From the hardware notes, this adapter is supported by the run(4) driver. I followed the instructions in the man pages (run(4)) and added the following lines in loader.conf.

```
if_run_load="YES"
runfw_load="YES"
```

After system reboot, I plug-in the adapter in the USB hub/port. The following are the messages in /var/log/messages:

```
kernel: ugen4.2: <vendor 0x0b05> at usbus4
root: Unknown USB device: vendor 0x0b05 product 0x17ab bus uhub4
```

I checked whether the run(4) has been loaded or not.
`% kldstat`

```
Id Refs Address            Size     Name
 1   17 0xffffffff80200000 11d1d48  kernel
 2    1 0xffffffff813d2000 203d98   zfs.ko
 3    2 0xffffffff815d6000 5c60     opensolaris.ko
 5    1 0xffffffff815f2000 2e28     runfw.ko    <<-----------
 6    1 0xffffffff81812000 c19c     ipfw.ko
 7    1 0xffffffff8181f000 a2d      fire_saver.ko
```
`% ifconfig`

```
ale0: flags=8843<UP,BROADCAST,RUNNING,SIMPLEX,MULTICAST> metric 0 mtu 1500
	options=c319a<TXCSUM,VLAN_MTU,VLAN_HWTAGGING,VLAN_HWCSUM,TSO4,WOL_MCAST,WOL_MAGIC,VLAN_HWTSO,LINKSTATE>
	ether 48:5b:39:94:b2:16
	inet 172.26.146.109 netmask 0xffffff00 broadcast 172.26.146.255
	nd6 options=29<PERFORMNUD,IFDISABLED,AUTO_LINKLOCAL>
	media: Ethernet autoselect (1000baseT <full-duplex>)
	status: active
plip0: flags=8810<POINTOPOINT,SIMPLEX,MULTICAST> metric 0 mtu 1500
	nd6 options=29<PERFORMNUD,IFDISABLED,AUTO_LINKLOCAL>
lo0: flags=8049<UP,LOOPBACK,RUNNING,MULTICAST> metric 0 mtu 16384
	options=3<RXCSUM,TXCSUM>
	inet6 ::1 prefixlen 128 
	inet6 fe80::1%lo0 prefixlen 64 scopeid 0x8 
	inet 127.0.0.1 netmask 0xff000000 
	nd6 options=21<PERFORMNUD,AUTO_LINKLOCAL>
ipfw0: flags=8801<UP,SIMPLEX,MULTICAST> metric 0 mtu 65536
	nd6 options=21<PERFORMNUD,AUTO_LINKLOCAL>
tun0: flags=8051<UP,POINTOPOINT,RUNNING,MULTICAST> metric 0 mtu 1500
	options=80000<LINKSTATE>
	inet6 fe80::4a5b:39ff:fe94:b216%tun0 prefixlen 64 scopeid 0xa 
	inet 172.26.61.146 --> 172.26.61.145 netmask 0xffffffff 
	nd6 options=21<PERFORMNUD,AUTO_LINKLOCAL>
	Opened by PID 1532
```
The WLAN device pertaining to run(4) is not listed. Don't know how to proceed from here.

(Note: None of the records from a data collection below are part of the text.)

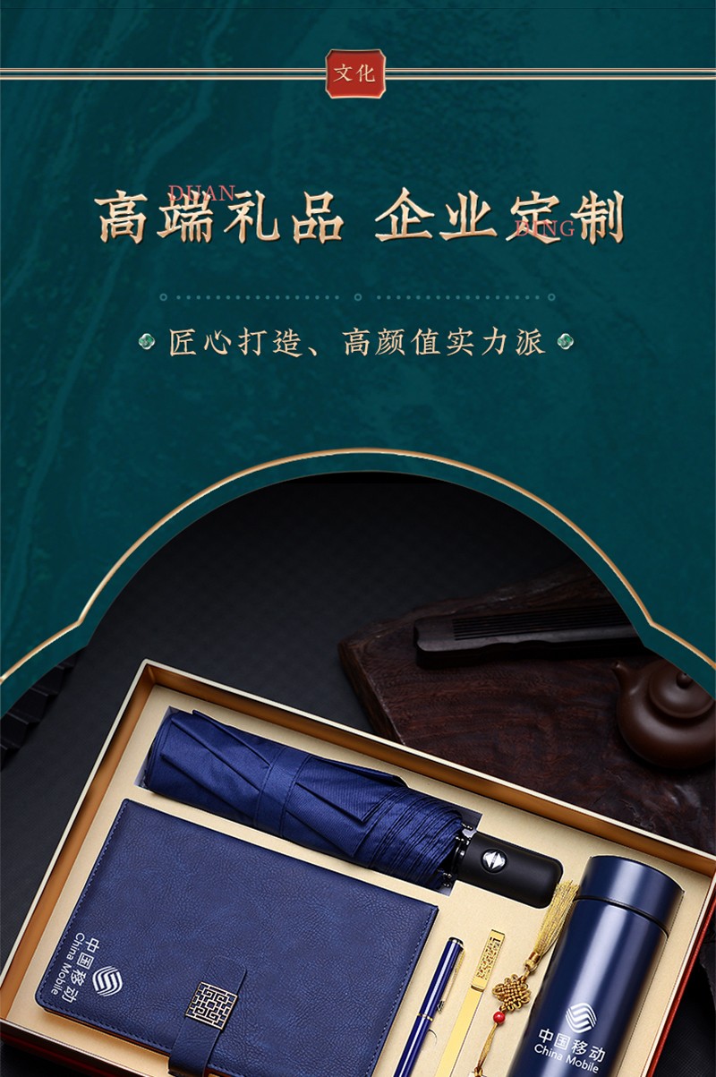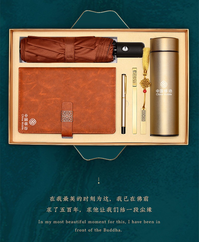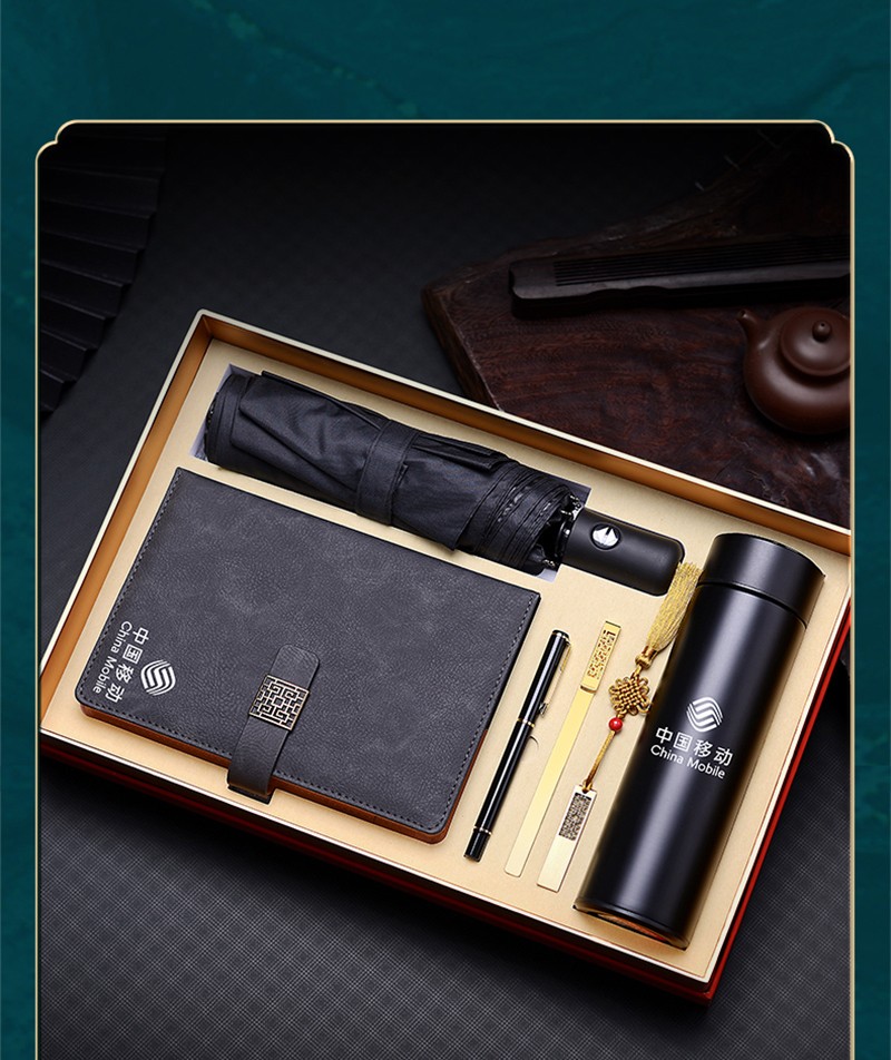 琦煜 企业公司年会商务礼品定制LOGO高档纪念品礼盒笔记本套装生日礼物伴手礼客户随手礼 黑-FK笔记本+签字笔+U盘+数显杯+雨伞+书签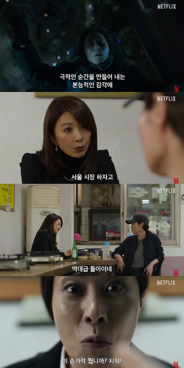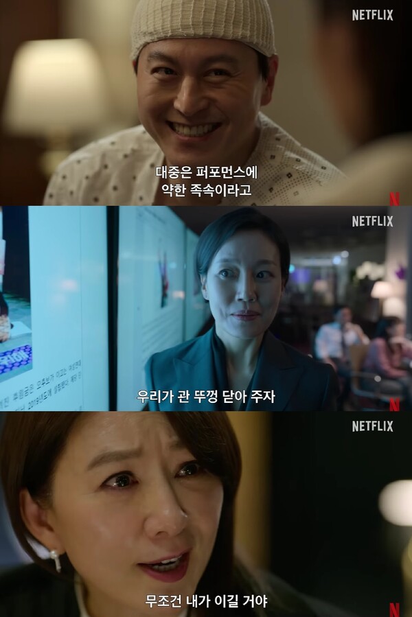더불어 퀸메이커 주요 등장인물인 황도희와 오경숙은 얼음과 불로 표현할 수 있다고 합니다. 황도희는 어떠한 경우에도 흐트러지지 않고 부서지는 과정에서 끝까지 녹지 않는 얼음의 이미지이고, 오경숙은 물불 가리지 않는 뜨거움, 불의 상징이라는 것입니다. 주변을 데우는 따스함이 있어 불과 얼음의 시너지가 모순적이고 어려운 과정임에도 김희애 문소리가 이를 어떻게 표현해냈을지 지켜보는 것도 퀸메이커 관전 포인트 중 하나가 될 것 같습니다.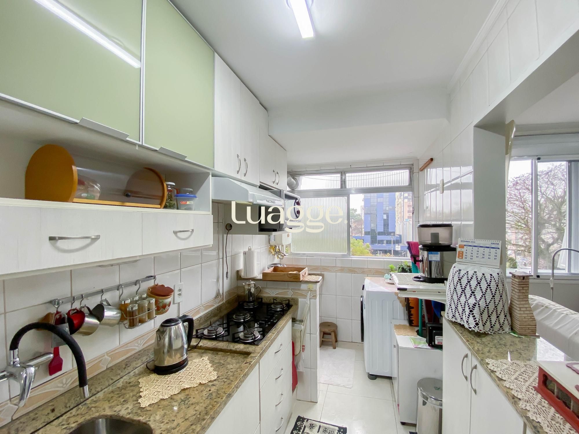 A cozinha é um destaque à parte: totalmente equipada com móveis planejados, balcão em granito e espaço funcional para eletrodomésticos. O banheiro possui box de vidro e bancada em granito.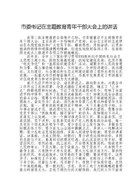 市委书记在主题教育青年干部大会上的讲话在第二批主题教育全面展开之际,市委隆重召开主题教育青年干部大会,主旨是进一步唱响共产党好、社会主义好的主旋律动员各级党组织和广大党员干部,解放思想,开拓奋进,以更加饱满的热情和顽强拼搏的精神,创造性地做好各项工作,在新的历史起点上推进市各项工作跨越崛起。近年来,全市上下紧扣学习贯彻XXX新时代中国特色社会主义思想主题主线,围绕发展抓党建,抓好党建促发展,扎实开展创先争优和基层组织建设年活动,凝聚全市人民的智慧和力量,强力推进城乡融合、乡村振兴,全市经济建设、政治建设、文化建设、社会建设和生态文明建设取得了前所未有的长足进展,一批重大项目相继落地开工,为我市发展奠定了牢固基石市区域竞争力和对外影响力大大增强。前不久召开的市全会,站在新起点,面向新未来,对我全市工作作出了总体部署,全景式描绘了美好蓝图,确立了三步走的路线图和时间表,下达了攻坚决战的动员令,吹响了全面进军的冲锋号,揭开了发展历史崭新的一页!如期完成全会提出的奋斗目标,需要全市各级党组织和全体党员干部励精图治、顽强战斗、奋发作为!在此,我代表市委提几点要求和希望与大家共勉。第一,要有抓铁有痕的实干精神。天下大事必作于细,古今事业皆成于实。推进现代化大业,来不得半点虚假,需要全体党员干部以抓铁有痕、踏石留印的劲头,在细微处下功夫,在落实上求突破,一步一个脚印推进各项工作。要求真务实。空谈误国,实干兴邦。求真务实是共产党人的基本政治品格。每一名党员干部尤其是领导干部,要少坐在台上发号施令,多联系实际抓具体工作;要少在文山会海中圈圈点点,多深入一线解决问题;要少在电话里遥控指挥,多深入现场督导检查;要坚持讲真话、动真格,力戒汇假报、玩假打;要少讲些成绩和功劳,多找些差距与不足,真真切切把情况吃透,扎扎实实把工作干好。要雷厉风行。坐而论道、纸上谈兵,只会错失发展良机,贻误党和人民的事业。干是天职,会干是能力,快干是水平,只有快干才能争上游,只有快干才有大发展。要大力弘扬立说立行、紧抓快办的作风,养成高效率、快节奏的干事习惯;要放开胆子、迈开步子,知难而上不言难,迎难而上不避难,克难而上不畏难,扑下身子抓,顶着压力冲,甩开膀子干,在快干中体现价值,在快干中追赶跨越。要一抓到底。当前,我市正处于为跨越崛起蓄势集力的紧要关头,正处于现代化的关键阶段,我们的工作不能有半点闪火。要俯下身、沉住气、向前看,对集体议定的事情不当品头论足的说客、冷眼旁观的站客,始终保持政令畅通、一杆到底;对正在做的事情,决不能瞻前顾后、裹足不前决不能虎头蛇尾、半途而废,必须善始善终、一抓到底,不达目的不罢休,确保真正见到实效。第二,要有过关斩将的拼搏精神。在市全面发展的新征程中我们必定会面临更多的矛盾和困难、承受更大的压力和挑战、付出更多的艰辛和汗水。全体党员干部必须保持昂扬的斗志,背水一战,砥砺前行,才能不断开创新局面、跃上新台阶。要有永不服输的拼劲。雄关漫道真如铁。我们还有很多的关口未攻破还有很多的困难未征服,要视落后为耻辱,勇担奋起直追的责任始终保持蓬勃向上、开拓进取的豪情锐气;要视困难为考验,增强敢于亮剑的勇气,敢出新招,善用奇兵;要视挑战为机遇点燃创业激情,迸发创新灵感,在应对挑战中实现跨越提升。要有不惧艰险的闯劲。无限风光在险峰。凡事因循守旧、中规中矩畏首畏尾,不敢想、不敢试、不敢闯,工作没有新进展,创业没有新路子,发展没有新局面,我们就会沦为守摊混饭的平庸之辈,永远看不到山巅的风光。要实现弯道超车、跨越崛起,树好我市的全新形象,必须坚持闯字当头,不怕冒险,不怕吃苦,不怕担责,用新理念深化认知,用新视野捕捉机遇,用新思维推进发展,奋力闯出一片新天地。要有锲而不舍的韧劲。事业永无止境,发展鲜有坦途。做学问打破沙锅问到底方能获取真知,干事业咬定青山不放松方能赢得成功,我市发展已经有了良好的开端,我们必须本着对人民负责、对事业负责、对历史负责,冲破重重阻力,承受超常压力,始终坚持不动摇、不懈怠、不折腾,不断积蓄和扩大发展优势,加快实现从原地起立迈向发展起跳。第三,要有与时俱进的创新精神。世界眼光、战略思维和创新精神,是共产党员和领导干部必备的现代素质。创新精神是时代意识的反映,是人类最具活力的行为,也是优秀领导者的显著标志。观念要有现代性。有时髦的穿着打扮不代表有先进的思想观念;思想观念的落后是我们最大的落后。各级党员干部必须把解放思想作为一场硬仗来打,自觉把思想认识从那些不合时宜的观念、做法和体制中解放出来,从对科学发展理论的教条式理解中解放出来,从主观主义和形而上学的桎梏中解放出来,使我们的头脑富有现代思维、手艺富有现代特质、作品富有现代气派。方法要有科学性。思路决定出路,方法决定绩效。面对新时代新要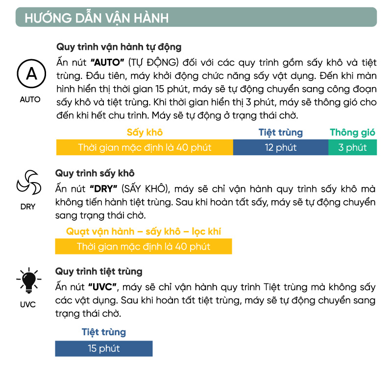 Lưu ý: Tuyệt đối không đưa thực phẩm, đồ dùng chứa pin và các đồ dùng chịu nhiệt dưới 60 độ vào trong thiết bị để sấy khô và tiệt trùng.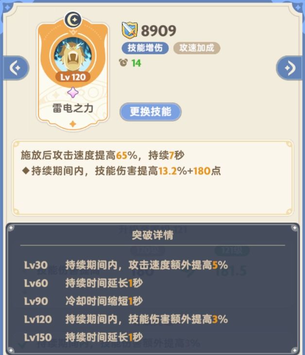 雷电之力可以说是剑士二转的另一关键技能,朴实无华的大量攻速加成,最高可到达70%,同时在持续期间也会有一个驻场伤害提升的效果,能大幅提升剑士的输出,同时快速叠加【看破】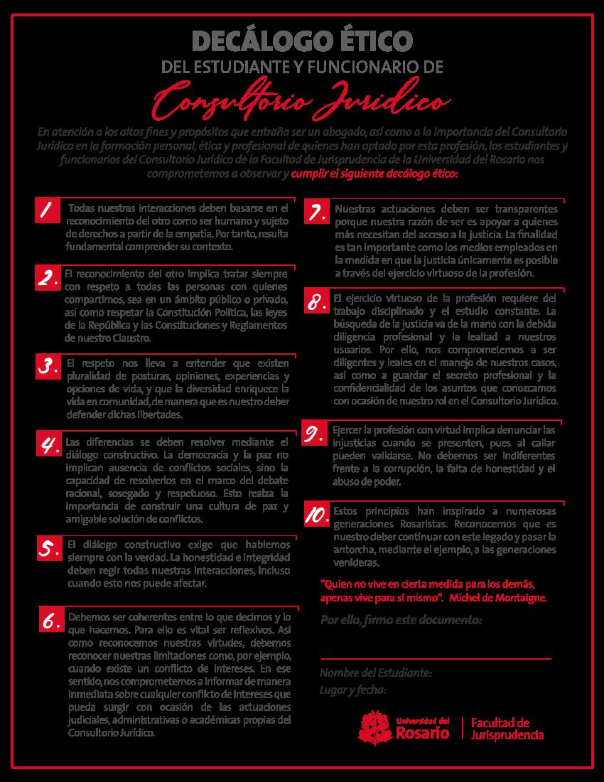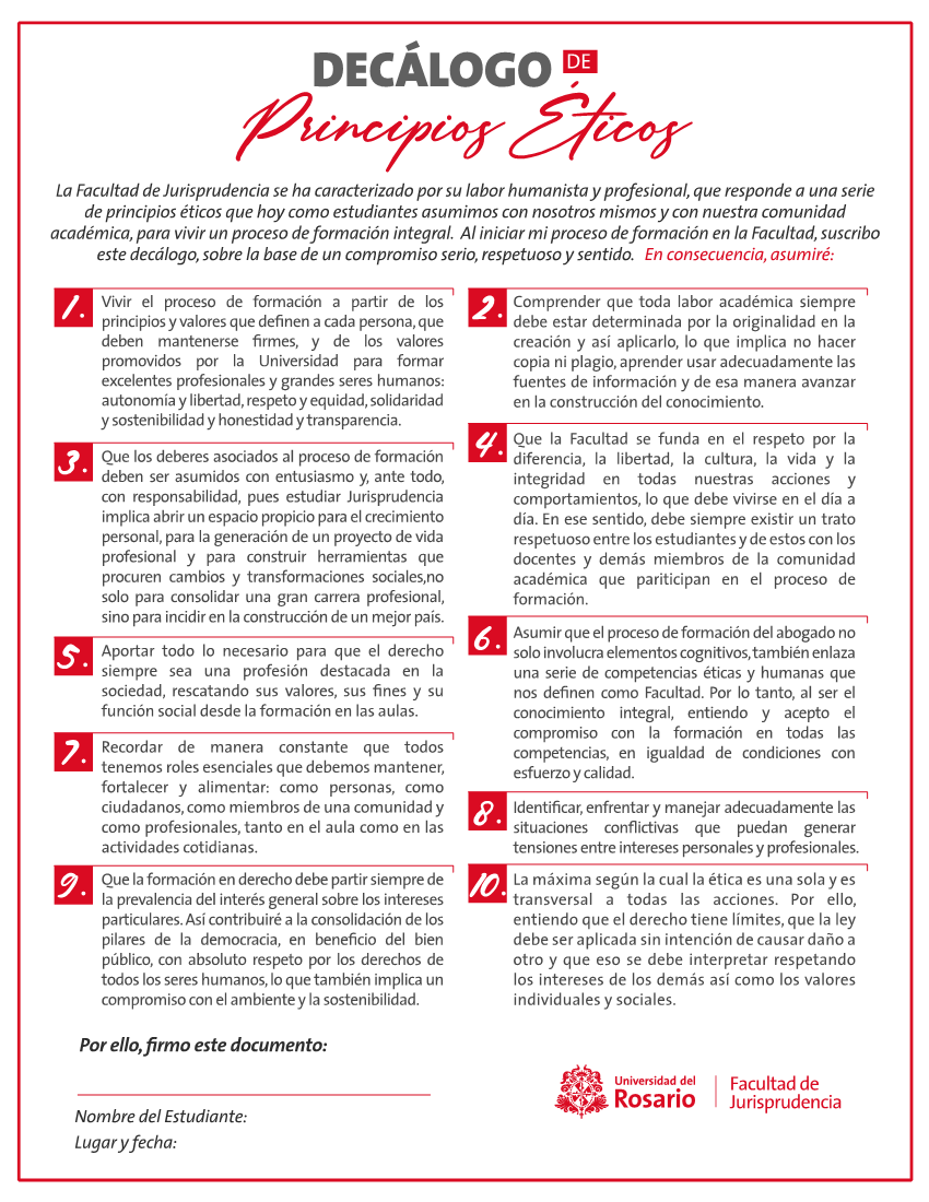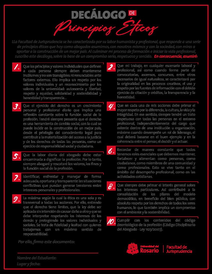 El Decálogo fue construido de manera participativa y deliberativa entre todos los miembros del Comité de Ética de la Facultad. El documento consta de diez principios éticos que le permiten al estudiante generar una reflexión y una consecuente concientización de la importancia que tiene la profesión de abogado y los deberes que implica la formación legal. De la misma manera, el Decálogo destaca los valores y la integridad, como parte esencial de dicha formación y de la función social del programa de Jurisprudencia.

Please help!


----------



## penna (May 16, 2012)

Another information that might be helpful.
`# pciconf -lv | grep -B3 network`

```
ale0@pci0:1:0:0:	class=0x020000 card=0x83041043 chip=0x10261969 rev=0xb0 hdr=0x00
    vendor     = 'Atheros Communications'
    device     = 'AR8121/AR8113/AR8114 Gigabit or Fast Ethernet'
    class      = network
```
`# usbconfig -u 4 -a 2 dump_device_desc`

```
ugen4.2: <product 0x17ab vendor 0x0b05> at usbus4, cfg=0 md=HOST spd=HIGH (480Mbps) pwr=ON

  bLength = 0x0012 
  bDescriptorType = 0x0001 
  bcdUSB = 0x0200 
  bDeviceClass = 0x0000 
  bDeviceSubClass = 0x0000 
  bDeviceProtocol = 0x0000 
  bMaxPacketSize0 = 0x0040 
  idVendor = 0x0b05 
  idProduct = 0x17ab 
  bcdDevice = 0x0200 
  iManufacturer = 0x0001  <Realtek>
  iProduct = 0x0002  <802.11n WLAN Adapter>
  iSerialNumber = 0x0003  <00e04c000001>
  bNumConfigurations = 0x0001
```


----------



## PseudoCylon (May 16, 2012)

penna said:
			
		

> ```
> kernel: ugen4.2: <vendor 0x0b05> at usbus4
> root: Unknown USB device: vendor 0x0b05 product 0x17ab bus uhub4
> ```



It is most likely a new version. (How to check version)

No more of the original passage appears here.